"Как настроение?" - спросил старший лейтенант. А каким оно после всего этого могло быть?!

- Хорошее настроение, товарищ старший лейтенант! - бодро доложил он. До чего легко стало на душе у Лихачева. И его опять понесло: - Только вот Дрозд беспокоится и от этого теряет равновесие духа.

- О чем беспокоишься? - спросил Кречетов солдата.

Дрозд ни о чем не беспокоился и представления не имел, о чем он должен беспокоиться. Поэтому за него ответил Лихачев:

- Боится, что его опять заберут в штаб писарем.
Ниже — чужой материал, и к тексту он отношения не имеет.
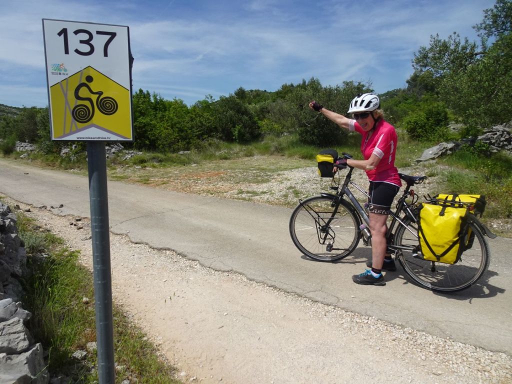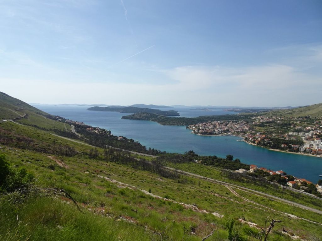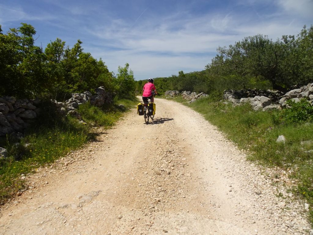 Even hoopten we nog dat we vanaf Trogir een klein kustweggetje konden volgen in plaats van de drukke verkeersweg naar Šibenik. Maar dat kustweggetje is niet te vinden dus we wagen ons tussen het verkeer. Als Rienke opzij moet duiken voor een achteropkomende bus die weigert snelheid te minderen tot hij in kan halen, zijn we gelukkig bijna op het punt dat we volgens planning deze rotweg kunnen verlaten. We gaan de EV8 (EV=EuroVelo) volgen, het binnenland in tot we in Grebaštica weer op de kustweg komen.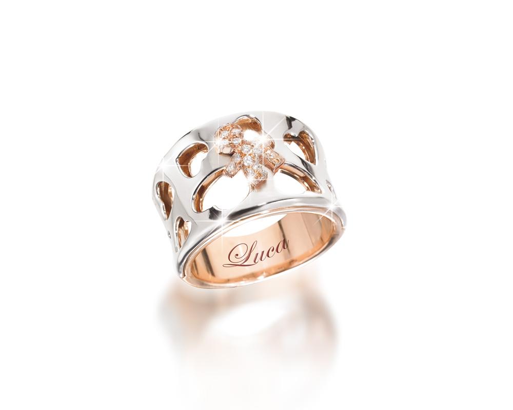 Anello a fascia realizzato in oro bianco esternamente e in oro rosa all'interno. Lungo tutta la fascia troviamo dei cuori a traforo. Sopra, al centro dell'anello c'è il ciondolo a forma di maschietto in oro rosa e diamanti. La caratura totale è di 0,12 ct, colore G, qualità VS.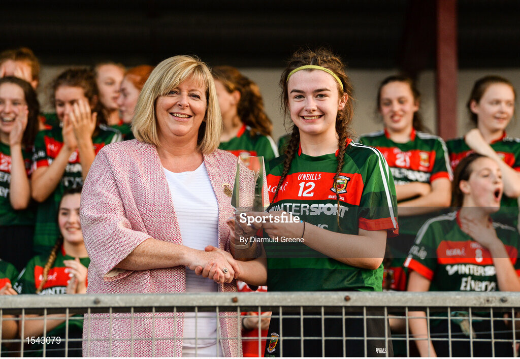 25 July 2018; Leah Johnston of Mayo is presented with the Player of the Match award by LGFA President Marie Hickey after the All-Ireland Ladies Football U16 B Championship Final between Laois and Mayo at Duggan Park in Ballinasloe, Co. Galway. Photo by Diarmuid Greene/Sportsfile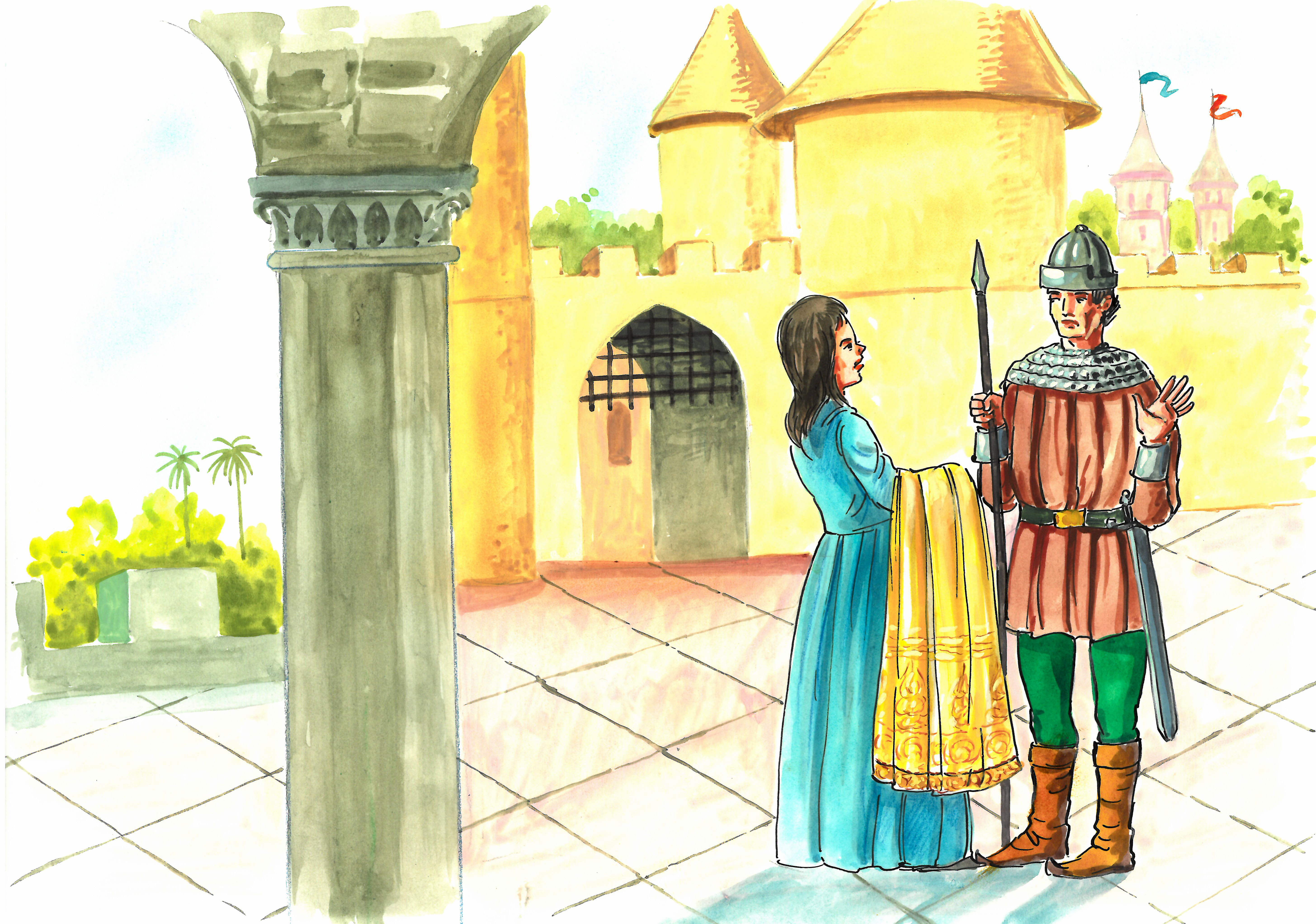 The image shows a woman carrying a piece of cloth talking to a guardsman infront of the gates of a walled castle.

А у него появилась склонность к артиллерии, понравилось уничтожать вражеские танки. И потом, он уже привык к нашему коллективу, поэтому возвращаться не хочет. В штабе коллектив совершенно другой - одни штабные работники. Но почерк у него редкий, поэтому могут забрать. Вполне. А коллектив без него скучать станет, и это будет подрывать моральный дух.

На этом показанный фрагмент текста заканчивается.